WESTPORT — As many residents have likely noticed, a significant project is underway on the Merritt Parkway to address what the state has deemed safety concerns.

“The number of accidents and the severity of those accidents had become a concern for the department,” state Department of Transportation Project Manager Mike Cherpak said.

“We were most concerned with the run-off-the-road accidents, with people hitting road-side objects, such as trees close to the road and things of that nature,” Cherpak said. “We wanted to make sure we upgraded the road-side guide-rail to help keep people on the roadway and not going down embankments or hitting off-the-road objects.”

“We’ve been moving segment by segment improving each section of the Merritt Parkway,” DOT Communications Director Kevin Nursick said, adding the project is funded 20 percent state funded and 80 percent Federally funded.

“This is the seventh in a series of nine corridor improvement projects,” Cherpak said. “We recently completed one down in Stamford and New Canaan and previously completed projects in Greenwich, Fairfield, Trumbull and Stratford.”

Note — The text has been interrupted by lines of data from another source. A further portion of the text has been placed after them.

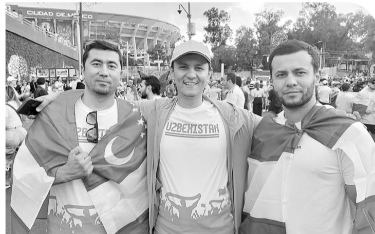
■ Pocos fans uzbekos se dieron cita para ver a su Selección.

Otros aficionados uzbekos reconocieron que quedaron en un grupo complicado con rivales de peso, iniciando con Colombia, una de las nominas con mayor promedio de edad de la Copa del Mundo, que fue totalmente local en la capital mexicana, pero podrán recordar por siempre que estuvieron presentes viendo a su Selección en un Mundial.
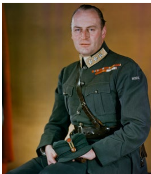
Det første kjente fargefotoet av kronprins Olav. Bildet ble tatt mens kronprinsen var i eksil i England under andre verdenskrig, 1942.
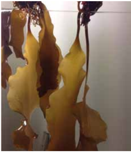
Sukkertang i tørrerum
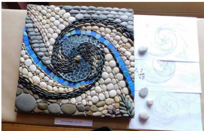
Izvor vode
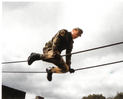
Auf hohem Seil.

Cherpak noted the project was initiated by the DOT.

“It’s part of a corridor improvements and enhancements up and down the Merritt Parkway while also maintaining the parkway’s unique character and aesthetics because it is a historically significant roadway,” Cherpak said. “Once this project is done, 82 percent of the parkway will have been upgraded.”

The project is providing both safety and aesthetic enhancements, Cherpak said. Specific changes include a new guide-rail, new pavement, a concrete curb and gutter section and landscaping improvements, according to Cherpak.

Tree removals along the parkway have been especially striking to passers-by. “For the most part, those are trees that have passed their prime. They have some issues, whether they are diseased or they have some branches or trunks that have some issues,” Cherpak said. “They’re becoming a hazard to the roadway so we’re taking those out and replanting in accordance with the Merritt Parkway’s Landscape Master Plan.”

When asked whether he was concerned about trees falling on vehicles along the parkway as has occurred in past years, Cherpak responded, “That’s always a concern. It’s part of the reason our maintenance forces have gone out and taken a look at the trees within the corridor. It’s part of our projects.”